Beset on all sides, his empire had been chipped away until it was little more than the great city of Constantinople itself, the last Christian stronghold in the east. He HAD to persuade the more powerful Holy Roman Empire in the west to help him defend eastern Christianity from being overrun by the forces of Islam.

The trouble was, his eastern Orthodox church and the western Catholic church had split in a bitter schism several centuries earlier, and Rome was not very interested in offering tangible help to Byzantium unless a lot of religious kow-towing went on first.

Venice was a long term trading partner and the closest thing to a friend that Byzantium had in the west, and it was to here that Emperor John came in 1438 to try – with Venice's help - to broker a rescue deal with Rome, or anyone else he could find in Europe with an army not currently busy elsewhere.

He arrived with an entourage of 600 priests – yes, six hundred Orthodox clergy – ready to compromise with Catholic demands. He stayed six months, conceding almost everything that was demanded of him and his clerics, and went home again with no binding promises of help.

This is the building in which John VIII and his retinue stayed while in Venice.
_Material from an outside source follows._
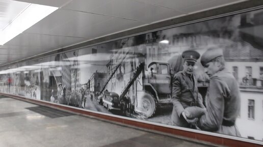 Панно, посвященное пожарным на новой станции метро Проспект Славы

It doesn't look that old, but that is because in the mid-19th Century this huge and ancient palazzo was so dilapidated that it underwent a massive renovation, conducted according to the historian John Julius Norwich with "marvelous insensitivity".

To me, what's more important is that underneath the cleaned up surface and the new ugly Grand Canal façade, the fabric of this building is still standing. That makes this – as far as I can tell – the ONLY surviving building in the world in which one of the Emperors of Byzantium ever lived. Can you imagine what a thrill it is to stand inside it? To visualize the heated theological arguments that must have gone on in every corner of it; to empathize with the daily frustration of John, trying unsuccessfully to win support for his cause; to imagine the impatience of the Doge and his Council at having to house and feed so many hangers-on, month after fruitless month?

Ironically, once Sultan Mehmet II had destroyed Byzantium in 1453, Venice sucked up to the Ottoman Empire instead and eventually turned this very building into a trading centre and warehouse for Turkish traders, complete with mosque, which is why it is now known as the Fondaco dei Turchi.

Today, it houses the Museum of Natural History. With all due respect to the scientists whose passion that is, who the hell goes to Venice to learn about the evolution of algae in the Adriatic? What a waste of such an historically significant building! What a perfect place for a museum that could explore the amazing 1100 years that was the Byzantine era, in which Venice, more than anywhere else in the west, played such an integral part.